■ **Exercise aim**
Repeat the records below exactly from the line containing "Omrzela Vás bežná" to the line containing "如图3所示的,中等强度、高导", taking in both of those lines. Drop the pictures.

Segment Start: Given data

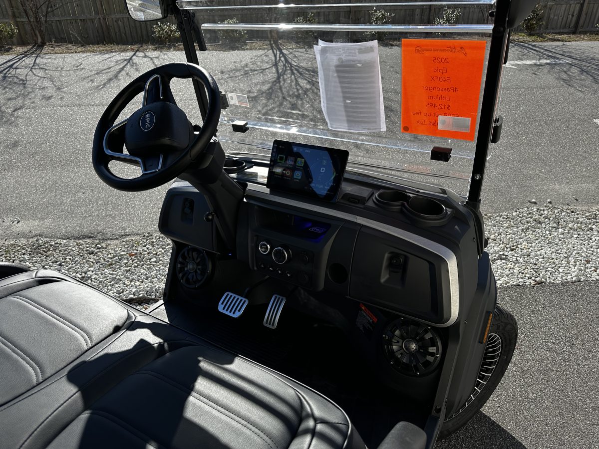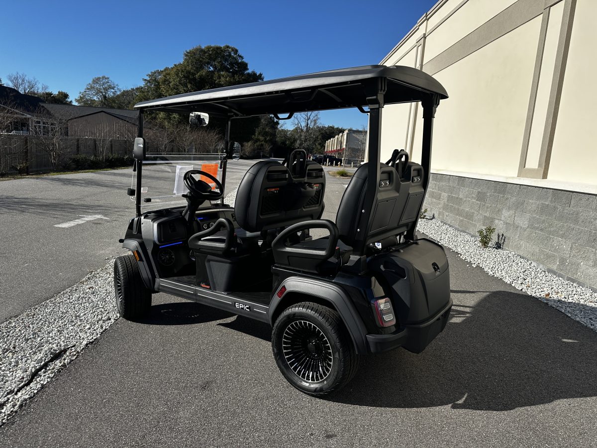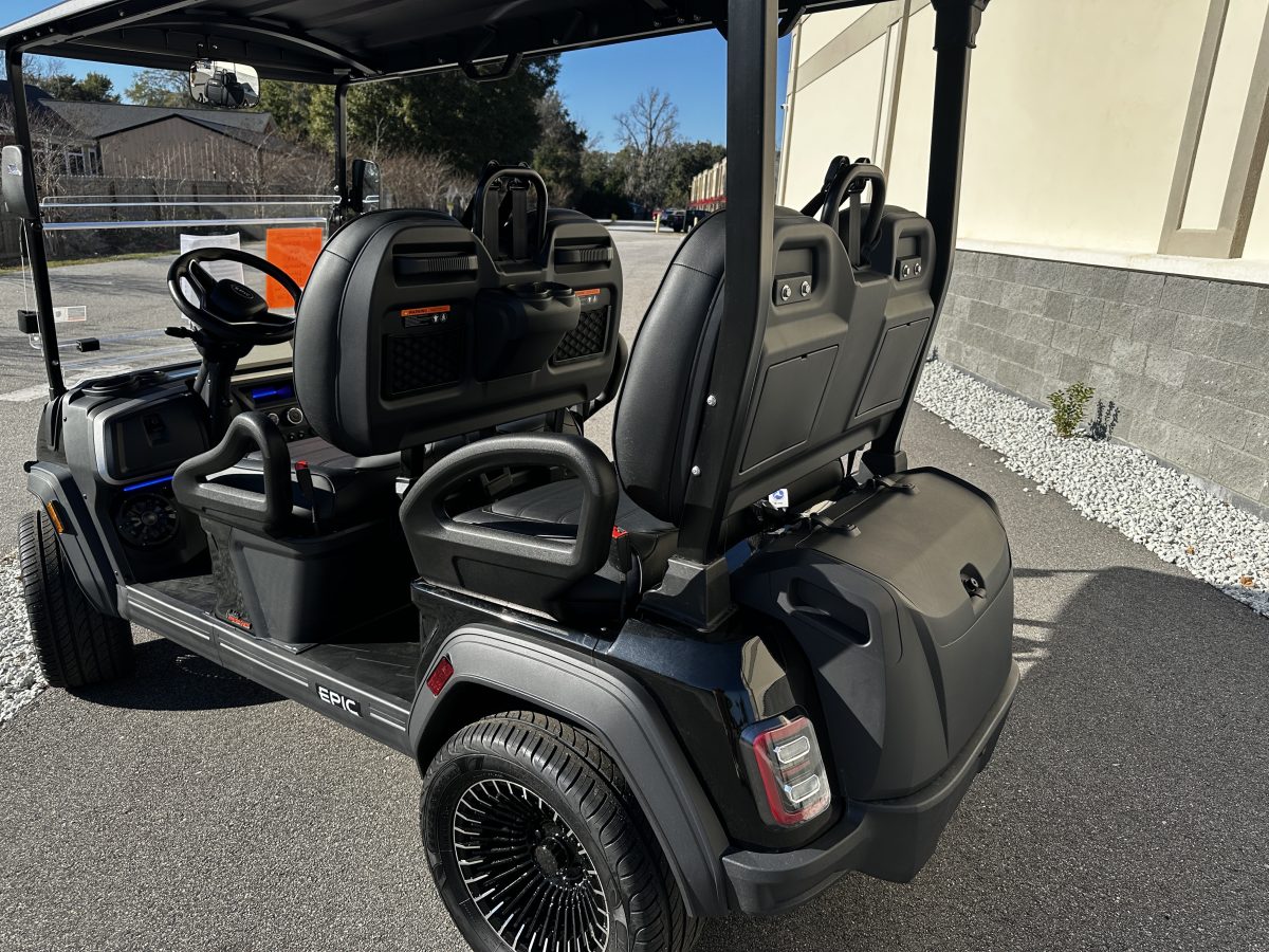 The brand new EPIC E40FX is the best golf cart on the market today! Furnished with every imaginable feature, the forward-facing four-seater EPIC E40FX comes in six stylish colors and three height options. Premium 14” wheels and street-ready tires provide a solid foundation for every journey on every terrain, no matter what lift height is selected. With an abundance of storage, superior built-in marine-grade sound system and speakers, and stunning accent lighting, this EPIC golf cart illuminates the possibilities for fun and adventure.
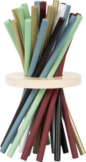 Omrzela Vás bežná verzia mikáda a hľadáte sviežu zábavu? Vyskúšajte jeho nevšedný variant s prírodným dreveným krúžkom. Hádžte kockou a pokúste sa postupne uvoľňovať tyčinky príslušných farieb, kým neopatrnosťou nepohnete s krúžkom, alebo inou než ťahanou tyčinkou. Precvičujte hrou sústredenia, trpezlivosť a zručnosť. Dlhé hodiny hernej zábavy pre celú rodinu sú zaručené! Rozmer tyčinky: 18 x O 0,5 cm Rozmer krúžku: O 9 cm Vek: 4+ Materiál: drevo
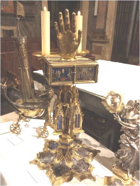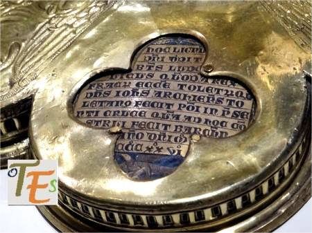 Aquí vemos el pie de una cruz del siglo XV que sustenta un relicario, el cual contiene un Lignum Crucis. Según la leyenda escrita en él, observamos que fue elaborado por el platero madrileño Juan González. Los materiales que uso para su confección fueron oro, plata dorada y ricos esmaltes.
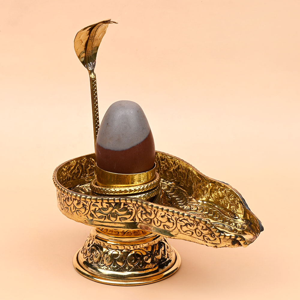 The shivlingam with an intricately designed brass yoni base and a Narmada Lingam adorned with a snake symbolizes the union of Purusha (soul) and Prakriti (material nature). This sacred representation embodies the balance of spiritual and material aspects, reflecting the cosmic harmony and divine interplay between creation and consciousness.
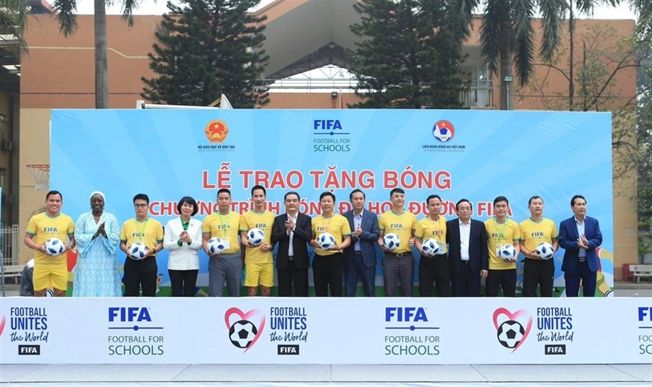 Representatives of the Sports Authority of Viet Nam and FIFA attended a ceremony to present footballs to schools nationwide.
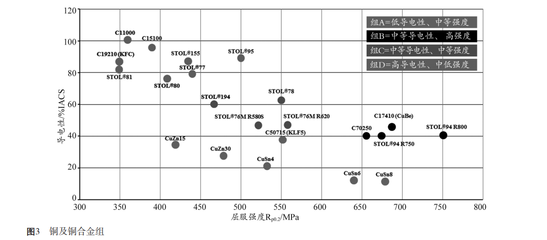如图3所示的,中等强度、高导电性的STOL@95,中等强度、中等导电性的STOL@76M,高强度、中等导电性的STOL@94,中等强度、低导电性的CuSn8。
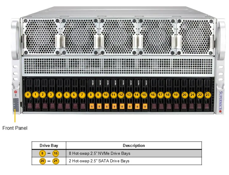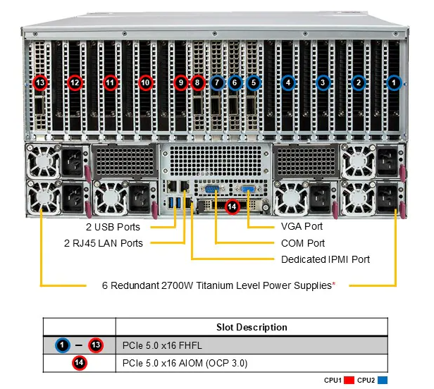 Важной особенностью данной платформы является поддержка до 24 слотов DIMM с памятью DDR5-6400, что позволяет устанавливать до 9 ТБ оперативной памяти в конфигурации 1DPC. Это даёт возможность эффективно обрабатывать огромные объёмы данных и обеспечивает быструю работу приложений с интенсивными вычислительными нагрузками. Гибкость подключения расширяется благодаря поддержке AIOM и широкому набору слотов PCIe: до 13 PCIe 5.0 x16 FHFL слотов, что позволяет легко масштабировать систему и интегрировать современные компоненты.

Segment End: Given data

■ **Your solution**
 Omrzela Vás bežná verzia mikáda a hľadáte sviežu zábavu? Vyskúšajte jeho nevšedný variant s prírodným dreveným krúžkom. Hádžte kockou a pokúste sa postupne uvoľňovať tyčinky príslušných farieb, kým neopatrnosťou nepohnete s krúžkom, alebo inou než ťahanou tyčinkou. Precvičujte hrou sústredenia, trpezlivosť a zručnosť. Dlhé hodiny hernej zábavy pre celú rodinu sú zaručené! Rozmer tyčinky: 18 x O 0,5 cm Rozmer krúžku: O 9 cm Vek: 4+ Materiál: drevo
 Aquí vemos el pie de una cruz del siglo XV que sustenta un relicario, el cual contiene un Lignum Crucis. Según la leyenda escrita en él, observamos que fue elaborado por el platero madrileño Juan González. Los materiales que uso para su confección fueron oro, plata dorada y ricos esmaltes.
 The shivlingam with an intricately designed brass yoni base and a Narmada Lingam adorned with a snake symbolizes the union of Purusha (soul) and Prakriti (material nature). This sacred representation embodies the balance of spiritual and material aspects, reflecting the cosmic harmony and divine interplay between creation and consciousness.
 Representatives of the Sports Authority of Viet Nam and FIFA attended a ceremony to present footballs to schools nationwide.
如图3所示的,中等强度、高导电性的STOL@95,中等强度、中等导电性的STOL@76M,高强度、中等导电性的STOL@94,中等强度、低导电性的CuSn8。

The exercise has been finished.